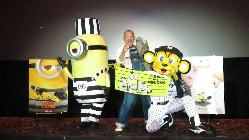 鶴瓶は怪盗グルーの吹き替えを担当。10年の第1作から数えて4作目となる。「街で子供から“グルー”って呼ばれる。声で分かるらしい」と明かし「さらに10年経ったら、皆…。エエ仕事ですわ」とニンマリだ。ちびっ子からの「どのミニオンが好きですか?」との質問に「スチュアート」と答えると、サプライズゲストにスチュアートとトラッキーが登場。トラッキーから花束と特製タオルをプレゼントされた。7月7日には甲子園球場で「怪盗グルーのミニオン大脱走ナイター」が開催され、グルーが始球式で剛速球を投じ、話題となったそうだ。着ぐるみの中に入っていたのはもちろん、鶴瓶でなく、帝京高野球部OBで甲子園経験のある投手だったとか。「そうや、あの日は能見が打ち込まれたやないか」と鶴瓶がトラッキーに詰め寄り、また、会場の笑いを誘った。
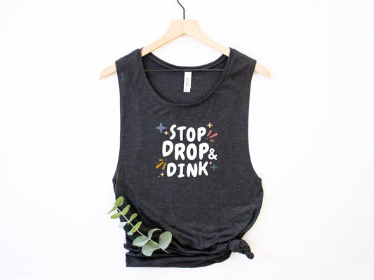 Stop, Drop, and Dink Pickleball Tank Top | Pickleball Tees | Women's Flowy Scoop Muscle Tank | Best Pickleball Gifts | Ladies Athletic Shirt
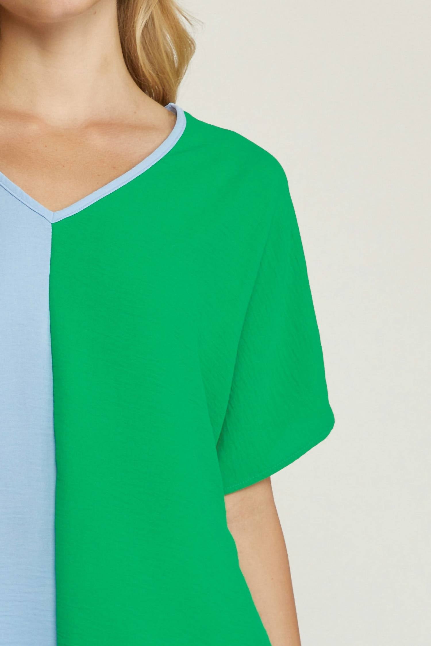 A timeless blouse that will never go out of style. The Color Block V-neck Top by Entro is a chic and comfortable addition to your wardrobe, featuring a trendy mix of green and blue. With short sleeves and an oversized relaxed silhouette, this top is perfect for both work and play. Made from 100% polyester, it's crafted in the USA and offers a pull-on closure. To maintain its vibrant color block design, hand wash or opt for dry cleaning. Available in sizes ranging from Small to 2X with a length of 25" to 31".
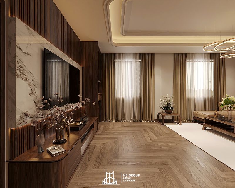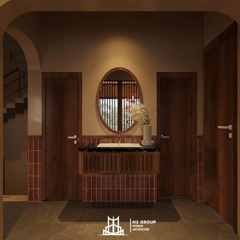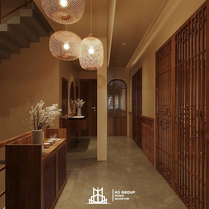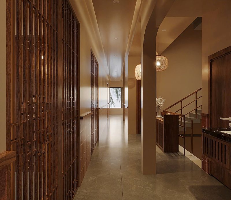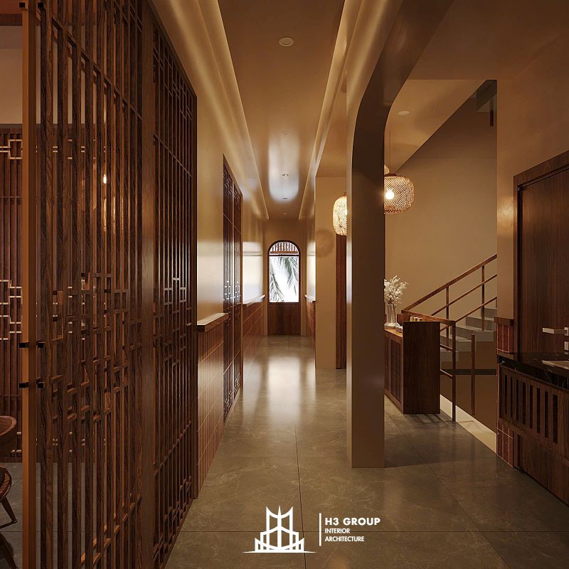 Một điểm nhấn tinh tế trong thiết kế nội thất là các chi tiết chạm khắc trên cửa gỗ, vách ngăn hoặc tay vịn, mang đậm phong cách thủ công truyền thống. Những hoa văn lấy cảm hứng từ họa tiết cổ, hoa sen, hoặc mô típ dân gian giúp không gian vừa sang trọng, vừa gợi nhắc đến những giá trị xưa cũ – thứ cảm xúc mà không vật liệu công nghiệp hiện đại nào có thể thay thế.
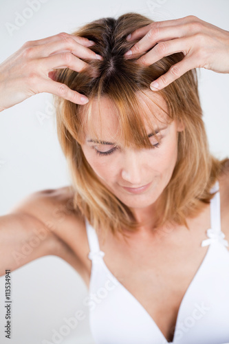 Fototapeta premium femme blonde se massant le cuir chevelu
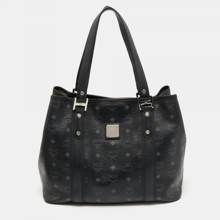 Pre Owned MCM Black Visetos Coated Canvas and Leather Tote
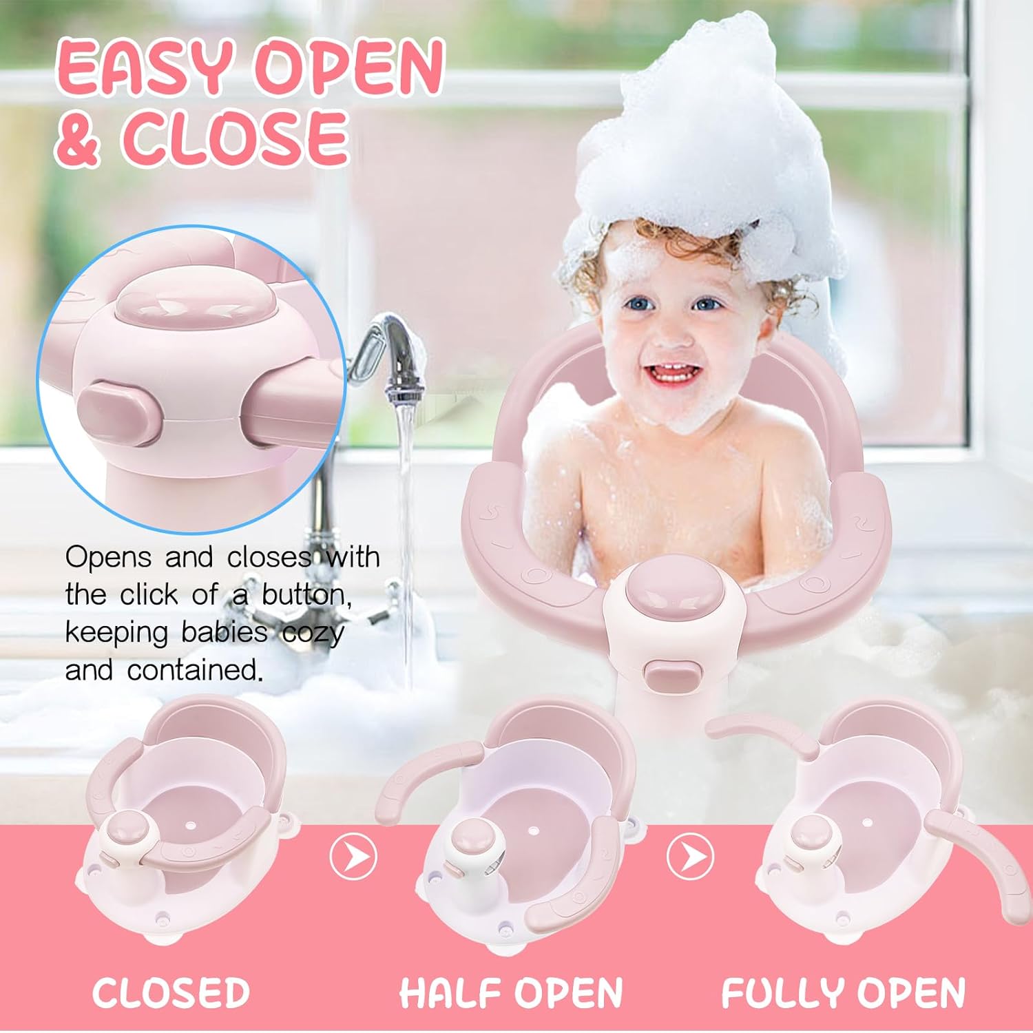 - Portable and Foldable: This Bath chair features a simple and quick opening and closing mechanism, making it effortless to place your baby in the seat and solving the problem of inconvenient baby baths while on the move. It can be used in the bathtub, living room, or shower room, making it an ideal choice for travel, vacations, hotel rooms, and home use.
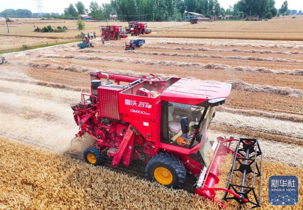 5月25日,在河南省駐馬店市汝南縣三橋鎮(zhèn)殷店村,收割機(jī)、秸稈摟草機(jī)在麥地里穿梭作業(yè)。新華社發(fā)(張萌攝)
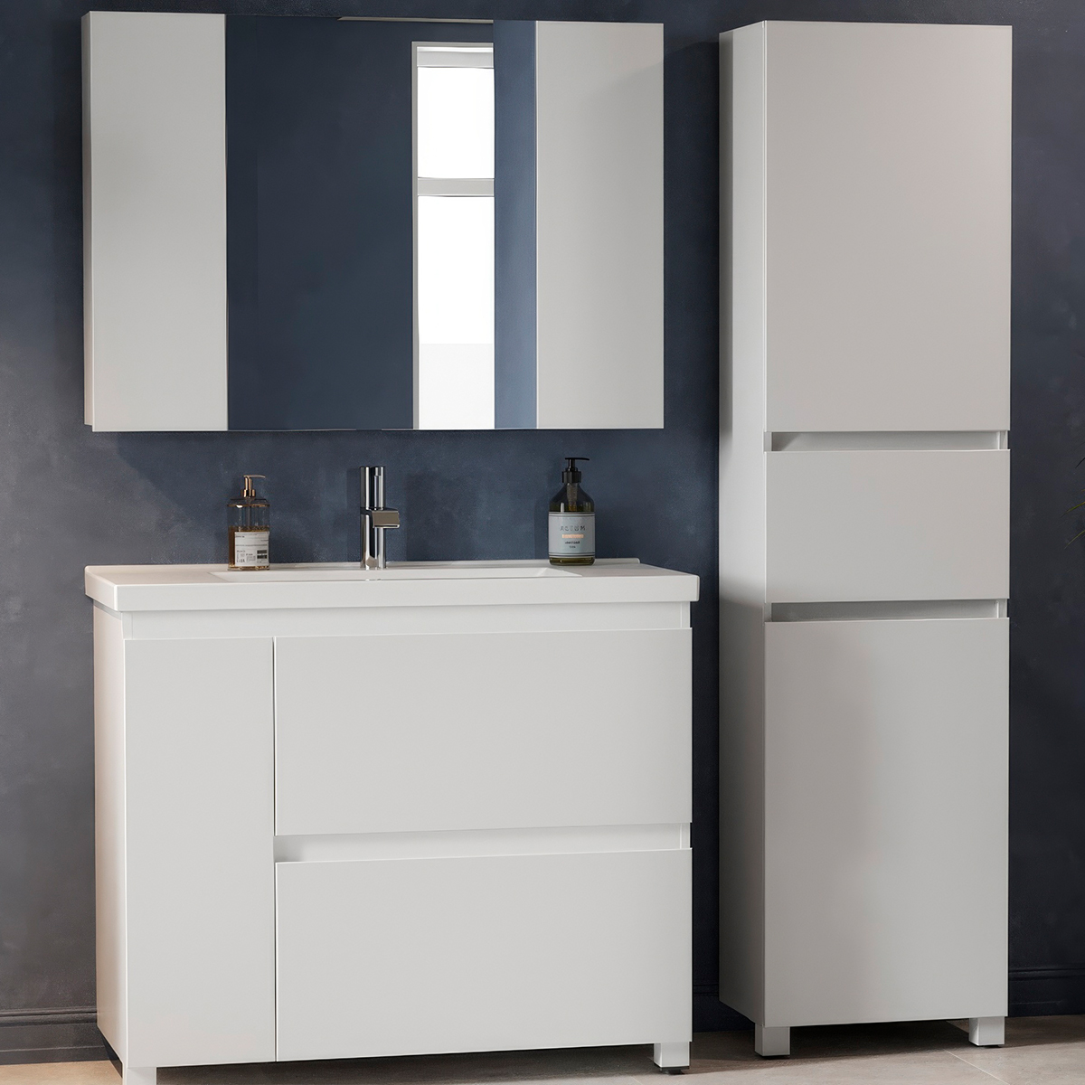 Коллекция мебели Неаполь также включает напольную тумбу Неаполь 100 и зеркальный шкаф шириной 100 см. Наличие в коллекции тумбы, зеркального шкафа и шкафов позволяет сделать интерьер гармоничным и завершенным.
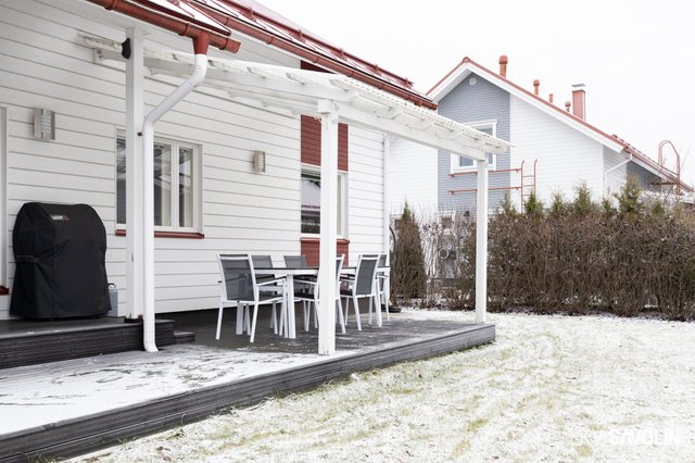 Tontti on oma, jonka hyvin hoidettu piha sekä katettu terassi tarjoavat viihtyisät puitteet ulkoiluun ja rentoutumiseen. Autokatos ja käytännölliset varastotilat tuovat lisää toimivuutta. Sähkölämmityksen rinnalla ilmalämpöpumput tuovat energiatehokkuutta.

● Goal of the exercise
All lines from the one with "Коллекция мебели Неаполь" through the end of the records above must be reproduced exactly, both ends included, and the pictures must be left out.

● Exercise answer
 Коллекция мебели Неаполь также включает напольную тумбу Неаполь 100 и зеркальный шкаф шириной 100 см. Наличие в коллекции тумбы, зеркального шкафа и шкафов позволяет сделать интерьер гармоничным и завершенным.
 Tontti on oma, jonka hyvin hoidettu piha sekä katettu terassi tarjoavat viihtyisät puitteet ulkoiluun ja rentoutumiseen. Autokatos ja käytännölliset varastotilat tuovat lisää toimivuutta. Sähkölämmityksen rinnalla ilmalämpöpumput tuovat energiatehokkuutta.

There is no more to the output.